> [WHAT IS EXPECTED] Print nothing but the lines from the start of the listing below through the line that contains "4) Броуновская частица". Do not include the pictures.

> [SUPPLIED INFORMATION]

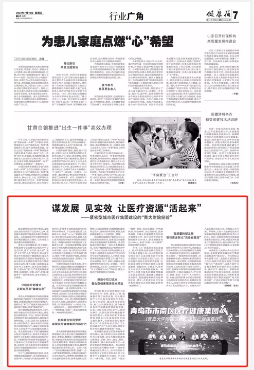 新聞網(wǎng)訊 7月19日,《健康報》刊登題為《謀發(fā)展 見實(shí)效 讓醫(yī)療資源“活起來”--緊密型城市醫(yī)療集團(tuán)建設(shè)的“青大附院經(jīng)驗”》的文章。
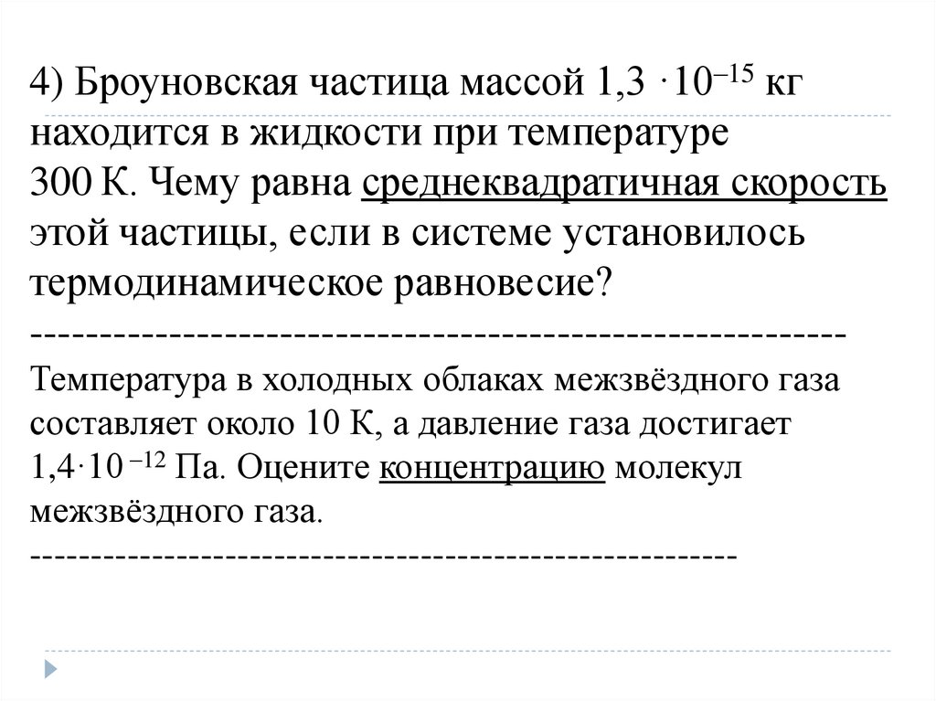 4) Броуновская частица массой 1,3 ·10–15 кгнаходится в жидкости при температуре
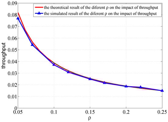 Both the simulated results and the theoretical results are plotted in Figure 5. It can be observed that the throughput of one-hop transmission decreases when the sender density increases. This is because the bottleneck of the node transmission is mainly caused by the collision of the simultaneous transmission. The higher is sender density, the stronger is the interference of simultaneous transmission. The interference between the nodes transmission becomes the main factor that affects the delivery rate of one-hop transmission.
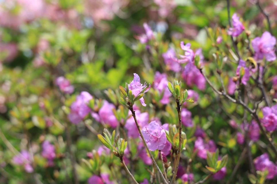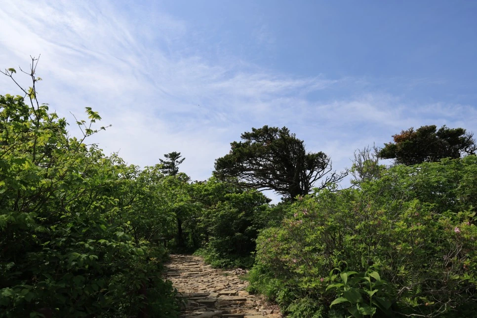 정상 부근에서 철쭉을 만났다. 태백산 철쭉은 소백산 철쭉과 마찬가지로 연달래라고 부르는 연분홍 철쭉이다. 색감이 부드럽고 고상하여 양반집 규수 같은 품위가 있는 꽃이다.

> [ANSWER BOX]
 新聞網(wǎng)訊 7月19日,《健康報》刊登題為《謀發(fā)展 見實(shí)效 讓醫(yī)療資源“活起來”--緊密型城市醫(yī)療集團(tuán)建設(shè)的“青大附院經(jīng)驗”》的文章。
 4) Броуновская частица массой 1,3 ·10–15 кгнаходится в жидкости при температуре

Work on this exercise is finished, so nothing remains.